Rent‐to‐own demystified

Renting to own is becoming increasingly popular in South Africa amongst those who are after new furniture, electronics and even cars. Whilst practically, this concept works the same regardless of the purchase, significant differences between the categories of assets exist.

Paying a monthly fee to make use of a vehicle, with the choice of owning it after a predetermined rental period, can have more severe financial implications than renting to own a couch or laptop.

In South Africa, the rent‐to‐own industry kicked off in the late 1960s as a solution for consumers who need to buy household goods and furniture but didn’t qualify for finance through regular channels. It started with Teljoy. Since its inception in 1969, the company has helped thousands of people with clear credit records and permanent jobs access fridges, furniture and other consumer goods they weren’t able to pay for in full. 

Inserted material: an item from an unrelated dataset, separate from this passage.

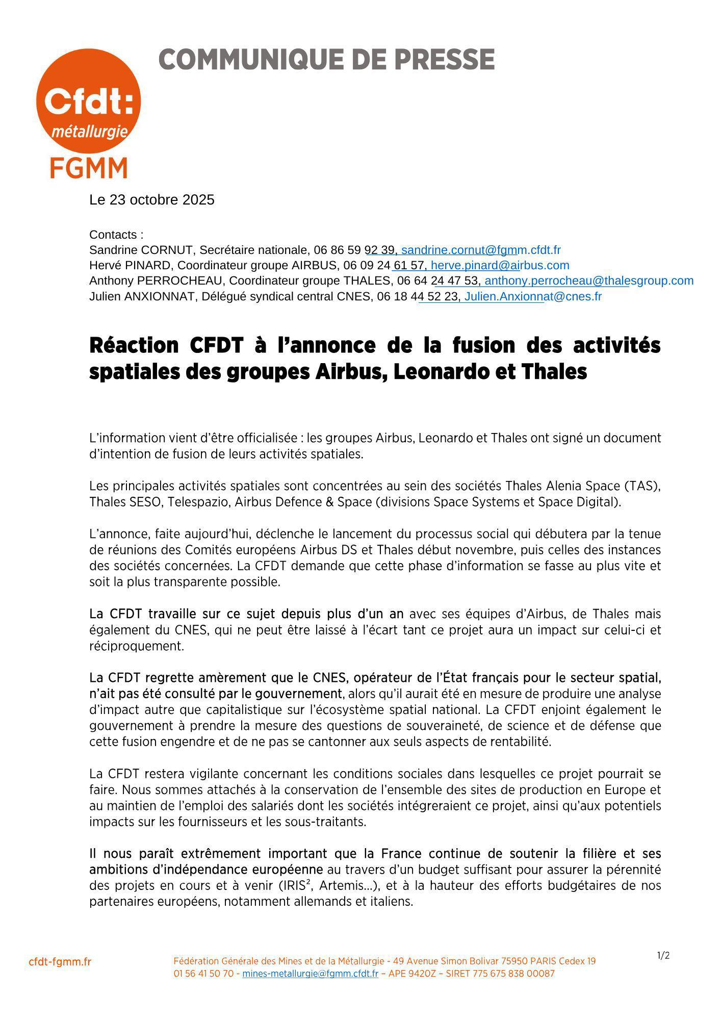 2025-10-23 Réaction CFDT à l'annonce de la Fusion spatial Airbus Thales Leonardo

“In short, renting to own gives one financial freedom and a sense of flexibility. At Teljoy, one can buy any of our products on a month‐to‐month contract, which one can upgrade, downgrade or cancel when one no longer needs or wants the goods. In that case, all you need to do is return the item,” says CEO Rami Sassen, noting that this level of flexibility is popular in this day and age. “People’s needs and personal situations change all the time, and so does the economy. Renting‐to‐own gives customers the freedom to make use of a certain product with the end‐goal of keeping it, or to get rid of it when the situation warrants it.”

Sassen stresses that renting to own household appliances and furniture doesn’t always compare to renting to own cars, despite the many similarities in terms of the process. Purchasing a vehicle through a rent‐to‐own option is often seen as a more hassle‐free way of going about, particularly when compared to buying or leasing one. Benefits include the fact that vehicles sold through this structure are often the latest models and monthly instalments often include basic insurance, roadside assistance, and a tracker.

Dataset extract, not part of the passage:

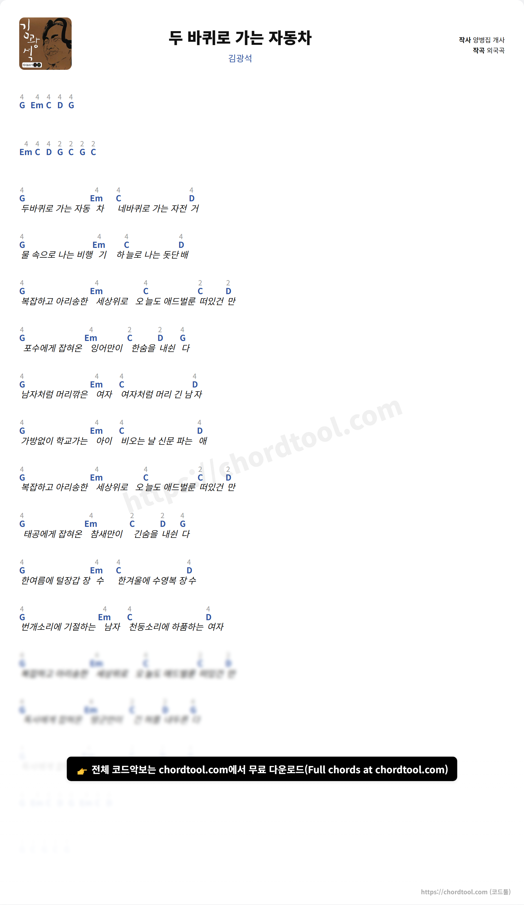 김광석의 두 바퀴로 가는 자동차 가사를 확인할 수 있습니다. 곡 정보와 함께 연주에 필요한 코드, 악보 제공 여부도 함께 정리했습니다.

Despite these perks, renting to own a car is different in the sense that it often involves hidden costs.  The monthly premiums of renting to own a bed or household appliances such as a washing machine aren’t affected by fluctuating interest rates. Besides that, our customers don’t need to pay a deposit to secure approval. This is often different when you are dealing with cars, with deposits exceeding R10 000, the equivalent of months’ worth of instalments. 

“Whilst you can cancel a car rent‐to‐own agreement without it affecting your credit score, the difference is that you’ll likely lose your deposit. At Teljoy, you don’t have to pay a deposit, meaning you won’t lose that chunk of change when you cancel a deal,” Sassen says. 

Another risk is when consumers aren’t, for whatever reason, able to pay their car premiums in time, for instance, because of unforeseen cash flow issues or a simple mistake. “If you do not pay by the due date, the car will be repossessed, sometimes within weeks, and on top of that you will lose your deposit,” Sassen says. 

That is why consumers who are exploring their rent‐to‐own car options are advised to check and double‐check whether any repairs, maintenance and other costs are included in the premiums, or not. 

“At companies like Teljoy, the maintenance and service costs, as well as repairs of our product offerings are covered by your instalments,” he adds. “This makes it a convenient, cost‐effective and time‐efficient way of getting your hands on what you need to build your home, without breaking the bank, impacting your cash flow and risking to lose a substantial amount of money on deposits.”